> Activity:
Take the listing from its first line through the line that contains "JR東日本の旧・大宮運転区跡" and please retype those lines exactly, leaving out the pictures.

> Data extracts:
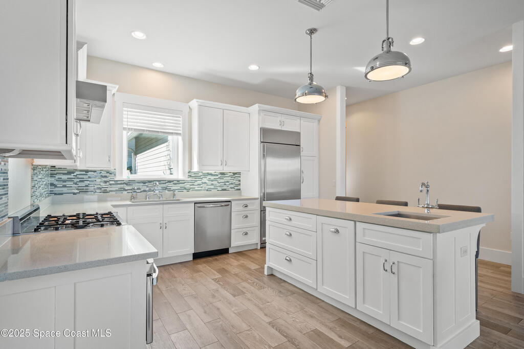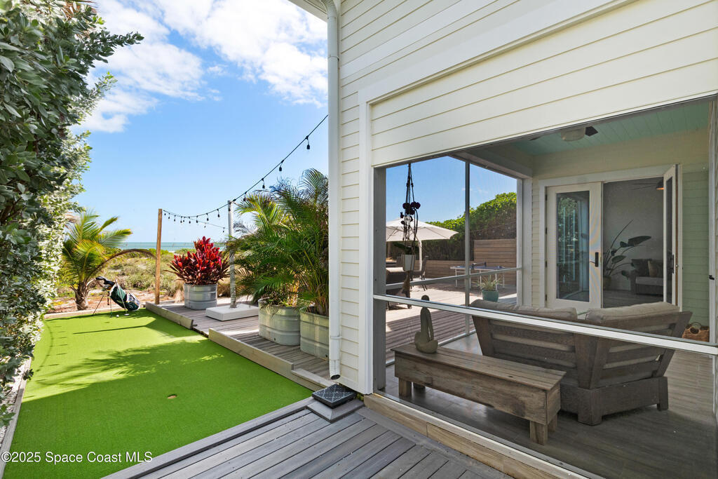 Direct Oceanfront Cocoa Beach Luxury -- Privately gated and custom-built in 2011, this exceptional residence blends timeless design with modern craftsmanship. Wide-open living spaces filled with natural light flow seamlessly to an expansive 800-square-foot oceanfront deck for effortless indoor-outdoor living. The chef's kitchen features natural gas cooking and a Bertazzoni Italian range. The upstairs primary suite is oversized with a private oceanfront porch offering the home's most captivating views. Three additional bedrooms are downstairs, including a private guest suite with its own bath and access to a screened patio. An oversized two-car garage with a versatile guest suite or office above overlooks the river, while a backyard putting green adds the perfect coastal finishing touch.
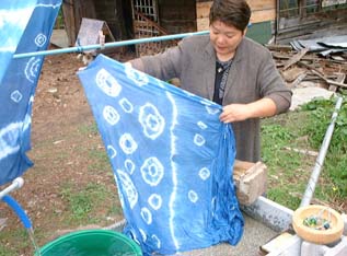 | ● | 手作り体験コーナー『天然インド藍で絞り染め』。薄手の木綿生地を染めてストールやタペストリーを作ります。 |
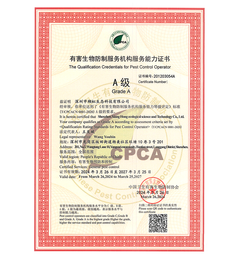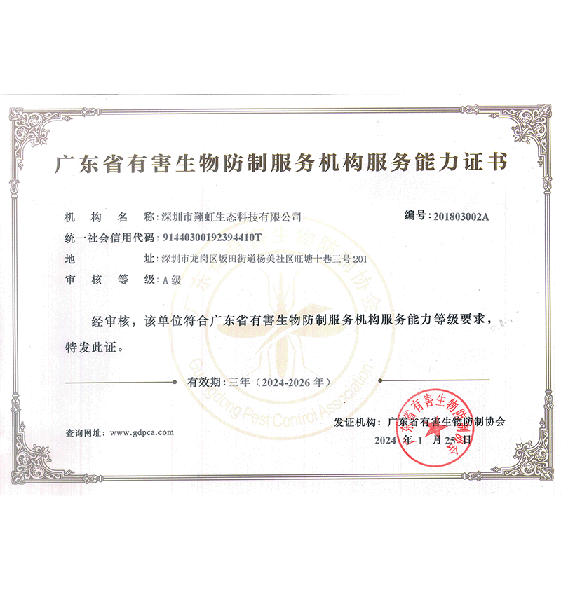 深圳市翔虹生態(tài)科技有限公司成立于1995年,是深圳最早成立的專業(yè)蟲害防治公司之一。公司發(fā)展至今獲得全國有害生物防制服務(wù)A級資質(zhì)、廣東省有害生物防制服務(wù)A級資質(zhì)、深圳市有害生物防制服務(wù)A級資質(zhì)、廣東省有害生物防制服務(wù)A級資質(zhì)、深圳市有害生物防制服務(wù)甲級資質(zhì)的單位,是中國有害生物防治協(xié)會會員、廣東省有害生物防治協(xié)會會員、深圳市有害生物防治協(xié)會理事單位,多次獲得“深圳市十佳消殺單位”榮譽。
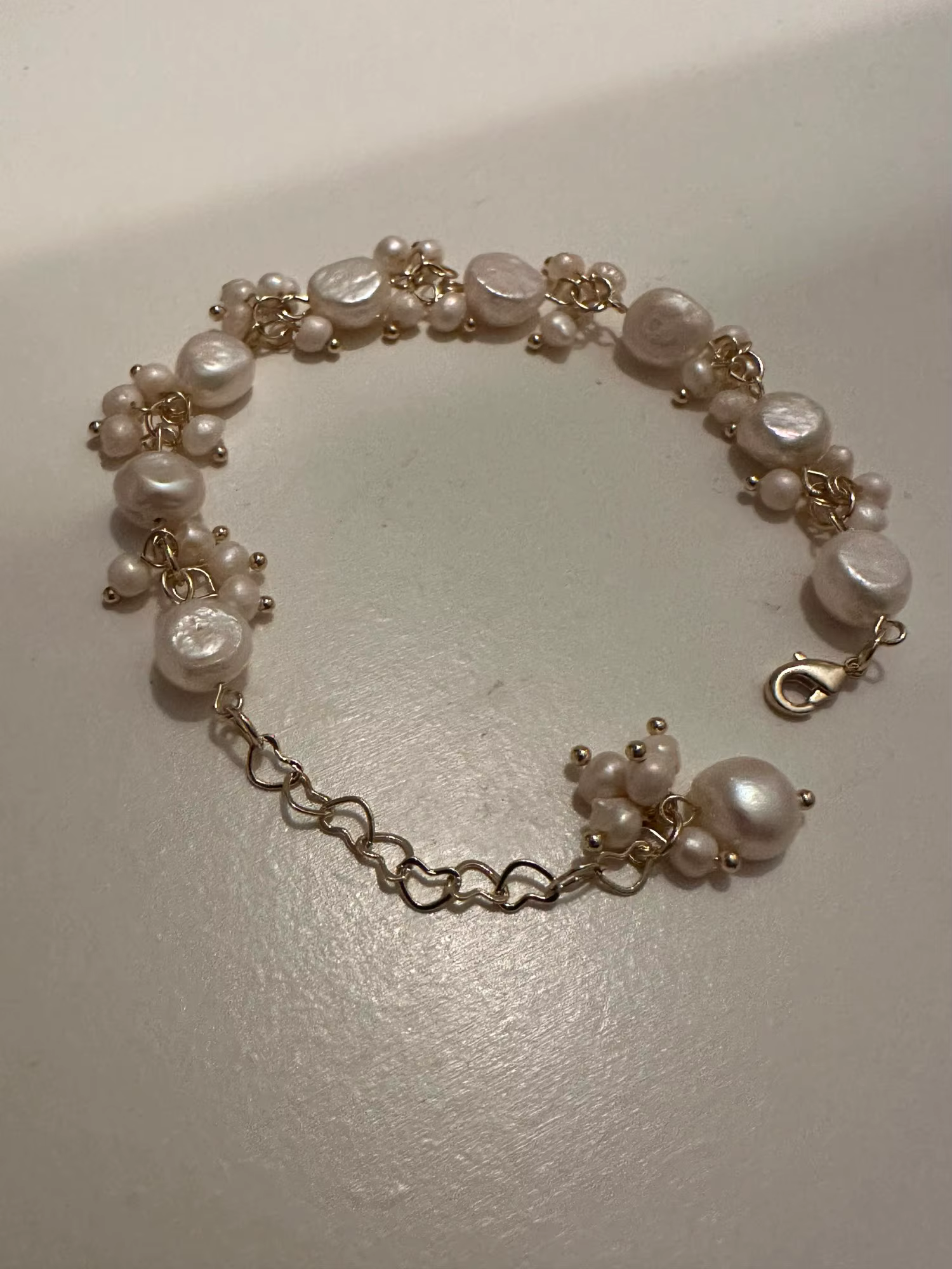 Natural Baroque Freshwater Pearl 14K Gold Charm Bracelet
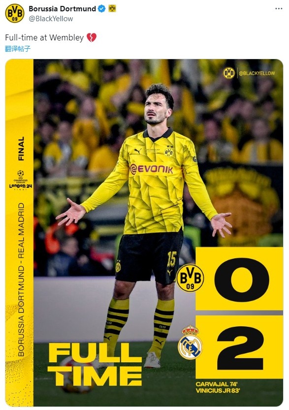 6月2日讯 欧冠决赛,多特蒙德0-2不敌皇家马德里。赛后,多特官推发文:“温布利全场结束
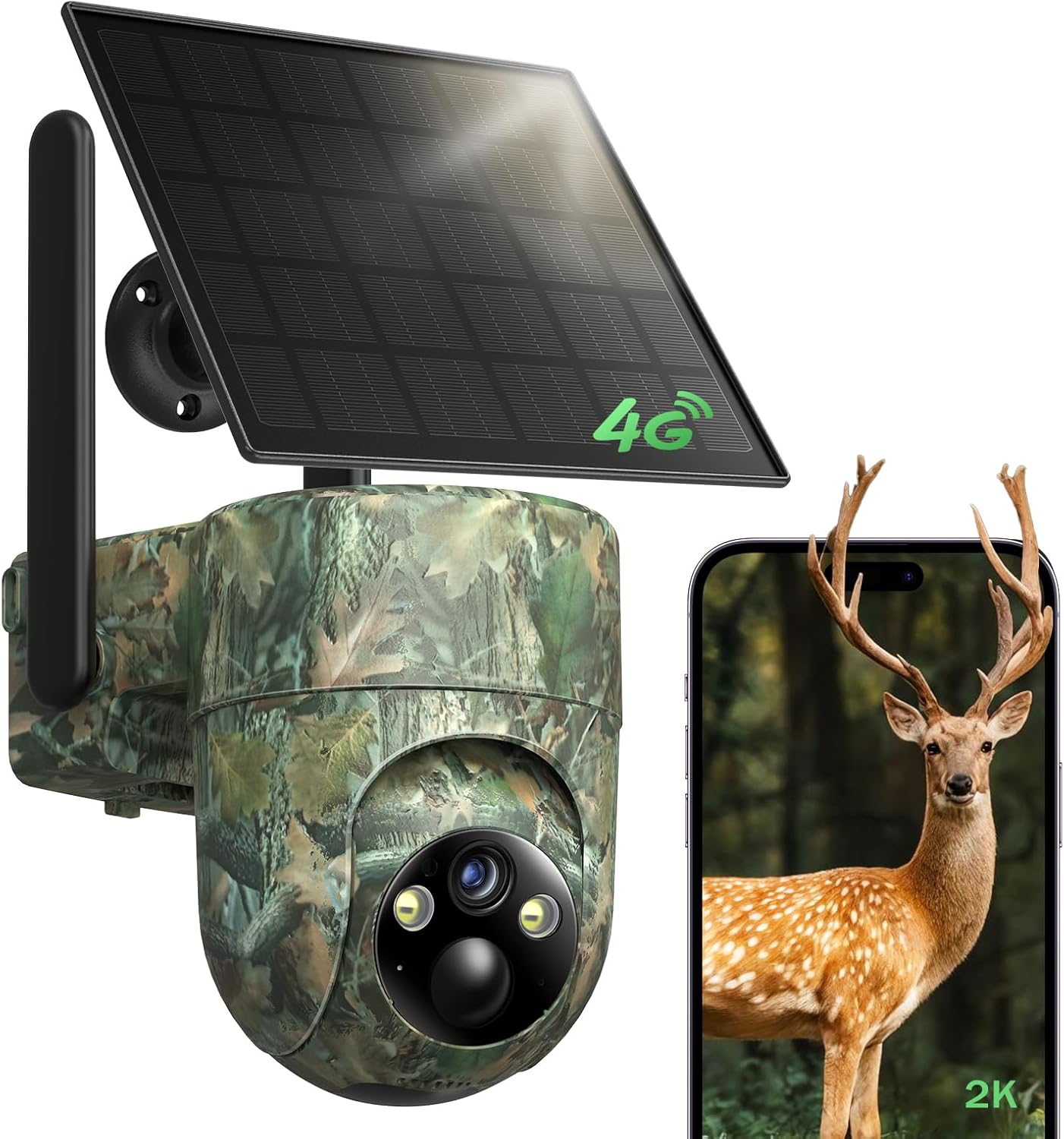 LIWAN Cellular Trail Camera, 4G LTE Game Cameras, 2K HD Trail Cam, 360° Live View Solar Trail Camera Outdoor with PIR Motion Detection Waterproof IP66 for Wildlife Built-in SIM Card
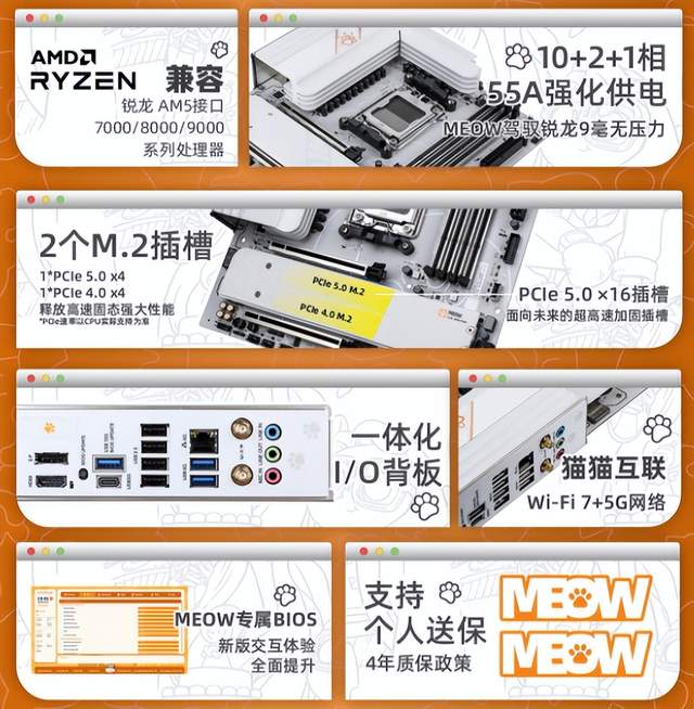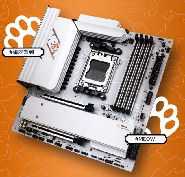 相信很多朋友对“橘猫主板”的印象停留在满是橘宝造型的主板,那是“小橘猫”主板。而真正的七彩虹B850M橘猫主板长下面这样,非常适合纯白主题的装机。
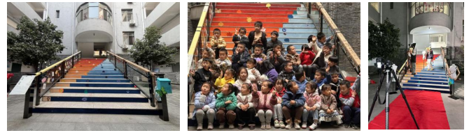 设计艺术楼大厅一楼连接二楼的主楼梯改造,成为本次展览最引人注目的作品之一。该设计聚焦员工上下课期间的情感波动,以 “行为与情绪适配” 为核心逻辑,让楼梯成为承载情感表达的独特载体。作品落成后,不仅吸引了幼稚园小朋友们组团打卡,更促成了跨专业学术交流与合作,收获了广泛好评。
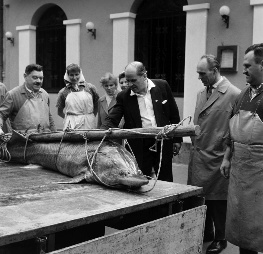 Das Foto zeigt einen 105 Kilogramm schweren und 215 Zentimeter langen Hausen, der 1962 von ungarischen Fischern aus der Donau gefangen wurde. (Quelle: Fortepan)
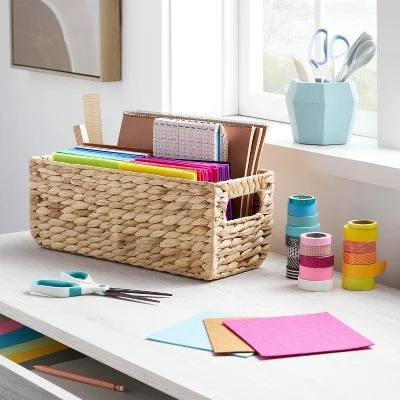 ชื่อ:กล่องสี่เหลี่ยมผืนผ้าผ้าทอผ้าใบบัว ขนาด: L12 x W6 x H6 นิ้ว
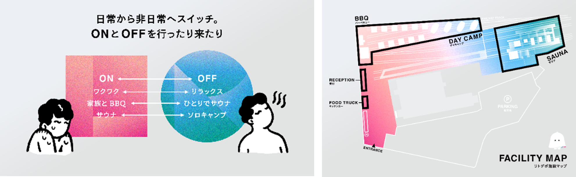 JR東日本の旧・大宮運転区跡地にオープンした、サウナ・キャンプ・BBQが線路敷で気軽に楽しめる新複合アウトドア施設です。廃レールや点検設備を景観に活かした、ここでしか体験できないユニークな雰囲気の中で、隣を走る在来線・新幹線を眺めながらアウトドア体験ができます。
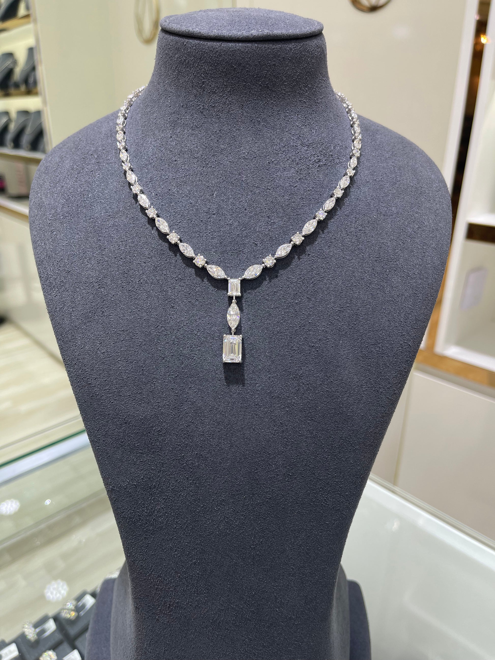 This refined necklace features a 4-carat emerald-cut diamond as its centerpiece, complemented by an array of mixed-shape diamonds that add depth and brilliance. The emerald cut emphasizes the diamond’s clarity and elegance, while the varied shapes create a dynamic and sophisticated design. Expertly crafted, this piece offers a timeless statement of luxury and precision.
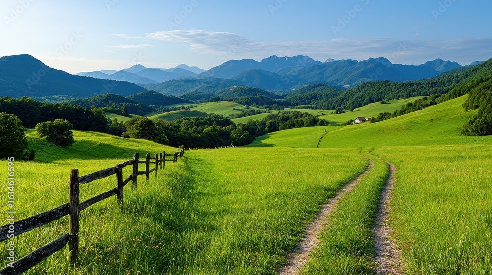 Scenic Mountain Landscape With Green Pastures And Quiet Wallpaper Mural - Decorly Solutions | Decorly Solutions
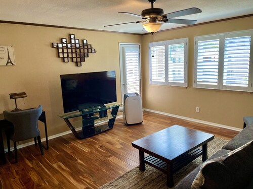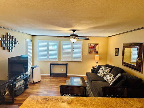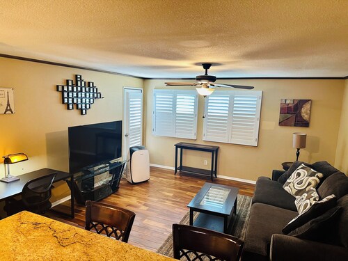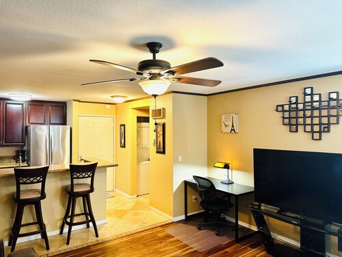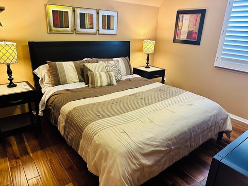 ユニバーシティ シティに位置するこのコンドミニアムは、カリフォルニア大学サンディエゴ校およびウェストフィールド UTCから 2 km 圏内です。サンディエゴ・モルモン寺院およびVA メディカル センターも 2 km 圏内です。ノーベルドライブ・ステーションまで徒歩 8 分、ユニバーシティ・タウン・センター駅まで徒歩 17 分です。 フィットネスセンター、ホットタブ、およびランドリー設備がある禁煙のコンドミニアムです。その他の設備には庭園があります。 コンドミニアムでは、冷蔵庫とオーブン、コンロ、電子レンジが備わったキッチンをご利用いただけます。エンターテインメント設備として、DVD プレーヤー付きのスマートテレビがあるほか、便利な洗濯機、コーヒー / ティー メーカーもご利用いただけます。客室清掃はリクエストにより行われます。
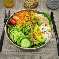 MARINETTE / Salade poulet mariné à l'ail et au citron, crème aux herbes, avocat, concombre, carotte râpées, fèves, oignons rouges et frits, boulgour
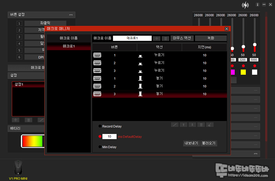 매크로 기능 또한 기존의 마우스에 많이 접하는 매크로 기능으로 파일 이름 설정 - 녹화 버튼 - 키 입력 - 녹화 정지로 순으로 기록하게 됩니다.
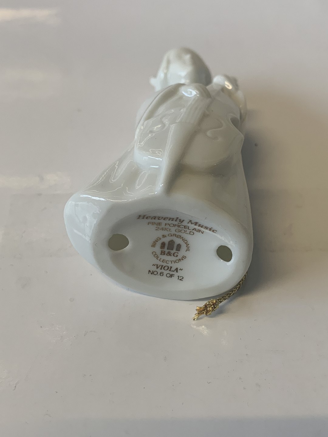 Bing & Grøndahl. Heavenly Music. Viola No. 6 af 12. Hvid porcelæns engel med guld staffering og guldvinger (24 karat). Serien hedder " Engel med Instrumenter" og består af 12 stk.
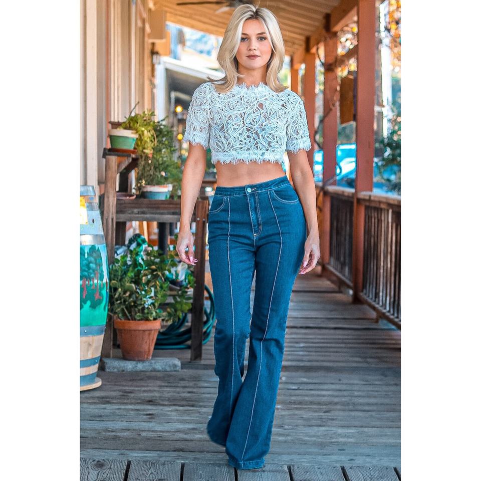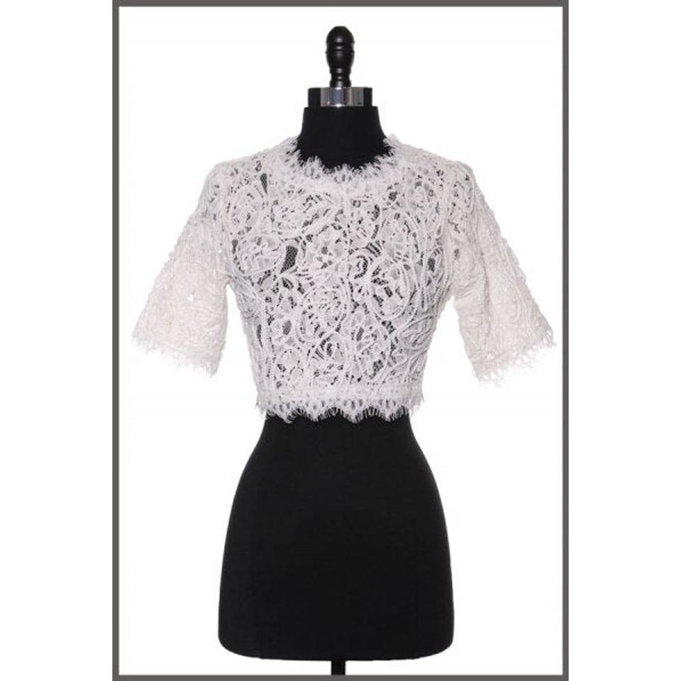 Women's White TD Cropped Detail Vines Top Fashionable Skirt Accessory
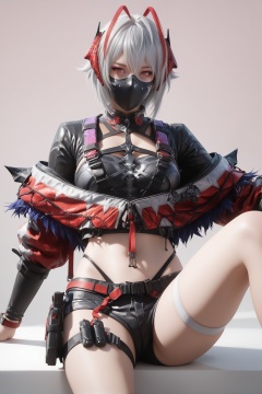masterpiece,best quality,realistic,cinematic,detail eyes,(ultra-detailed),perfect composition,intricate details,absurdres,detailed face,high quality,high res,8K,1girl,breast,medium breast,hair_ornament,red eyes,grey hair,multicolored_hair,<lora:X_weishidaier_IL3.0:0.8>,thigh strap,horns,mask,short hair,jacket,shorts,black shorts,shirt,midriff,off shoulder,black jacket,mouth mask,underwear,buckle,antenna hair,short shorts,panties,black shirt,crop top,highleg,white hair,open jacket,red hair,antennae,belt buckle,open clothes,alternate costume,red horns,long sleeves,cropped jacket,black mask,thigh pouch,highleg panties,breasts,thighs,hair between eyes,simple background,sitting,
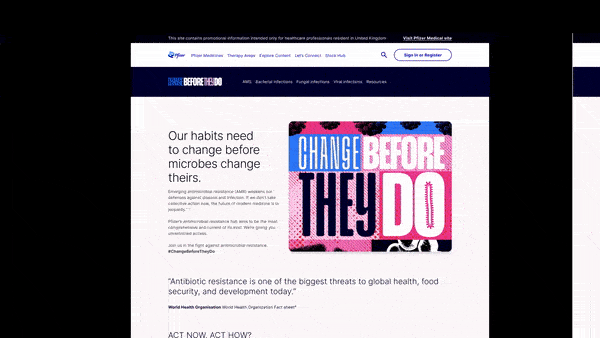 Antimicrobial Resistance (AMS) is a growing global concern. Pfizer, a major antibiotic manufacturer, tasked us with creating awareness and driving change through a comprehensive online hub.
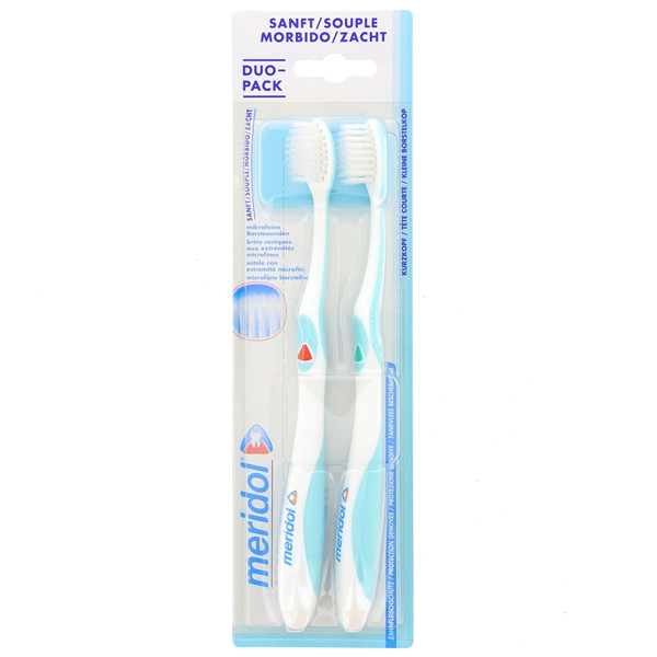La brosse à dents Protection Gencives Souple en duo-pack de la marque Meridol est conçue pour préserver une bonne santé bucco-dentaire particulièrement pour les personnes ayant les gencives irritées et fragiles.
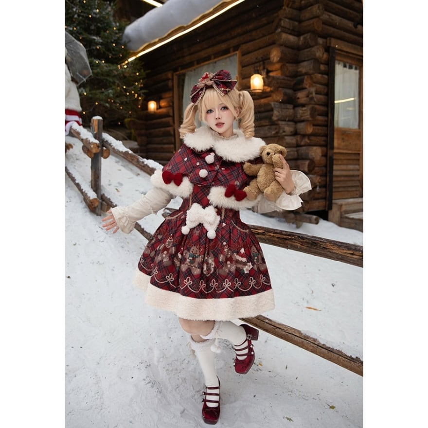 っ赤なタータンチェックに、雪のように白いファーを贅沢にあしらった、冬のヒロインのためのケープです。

> Solution:
 Direct Oceanfront Cocoa Beach Luxury -- Privately gated and custom-built in 2011, this exceptional residence blends timeless design with modern craftsmanship. Wide-open living spaces filled with natural light flow seamlessly to an expansive 800-square-foot oceanfront deck for effortless indoor-outdoor living. The chef's kitchen features natural gas cooking and a Bertazzoni Italian range. The upstairs primary suite is oversized with a private oceanfront porch offering the home's most captivating views. Three additional bedrooms are downstairs, including a private guest suite with its own bath and access to a screened patio. An oversized two-car garage with a versatile guest suite or office above overlooks the river, while a backyard putting green adds the perfect coastal finishing touch.
 | ● | 手作り体験コーナー『天然インド藍で絞り染め』。薄手の木綿生地を染めてストールやタペストリーを作ります。 |
 深圳市翔虹生態(tài)科技有限公司成立于1995年,是深圳最早成立的專業(yè)蟲害防治公司之一。公司發(fā)展至今獲得全國有害生物防制服務(wù)A級資質(zhì)、廣東省有害生物防制服務(wù)A級資質(zhì)、深圳市有害生物防制服務(wù)A級資質(zhì)、廣東省有害生物防制服務(wù)A級資質(zhì)、深圳市有害生物防制服務(wù)甲級資質(zhì)的單位,是中國有害生物防治協(xié)會會員、廣東省有害生物防治協(xié)會會員、深圳市有害生物防治協(xié)會理事單位,多次獲得“深圳市十佳消殺單位”榮譽。
 Natural Baroque Freshwater Pearl 14K Gold Charm Bracelet
 6月2日讯 欧冠决赛,多特蒙德0-2不敌皇家马德里。赛后,多特官推发文:“温布利全场结束
 LIWAN Cellular Trail Camera, 4G LTE Game Cameras, 2K HD Trail Cam, 360° Live View Solar Trail Camera Outdoor with PIR Motion Detection Waterproof IP66 for Wildlife Built-in SIM Card
 相信很多朋友对“橘猫主板”的印象停留在满是橘宝造型的主板,那是“小橘猫”主板。而真正的七彩虹B850M橘猫主板长下面这样,非常适合纯白主题的装机。
 设计艺术楼大厅一楼连接二楼的主楼梯改造,成为本次展览最引人注目的作品之一。该设计聚焦员工上下课期间的情感波动,以 “行为与情绪适配” 为核心逻辑,让楼梯成为承载情感表达的独特载体。作品落成后,不仅吸引了幼稚园小朋友们组团打卡,更促成了跨专业学术交流与合作,收获了广泛好评。
 Das Foto zeigt einen 105 Kilogramm schweren und 215 Zentimeter langen Hausen, der 1962 von ungarischen Fischern aus der Donau gefangen wurde. (Quelle: Fortepan)
 ชื่อ:กล่องสี่เหลี่ยมผืนผ้าผ้าทอผ้าใบบัว ขนาด: L12 x W6 x H6 นิ้ว
 JR東日本の旧・大宮運転区跡地にオープンした、サウナ・キャンプ・BBQが線路敷で気軽に楽しめる新複合アウトドア施設です。廃レールや点検設備を景観に活かした、ここでしか体験できないユニークな雰囲気の中で、隣を走る在来線・新幹線を眺めながらアウトドア体験ができます。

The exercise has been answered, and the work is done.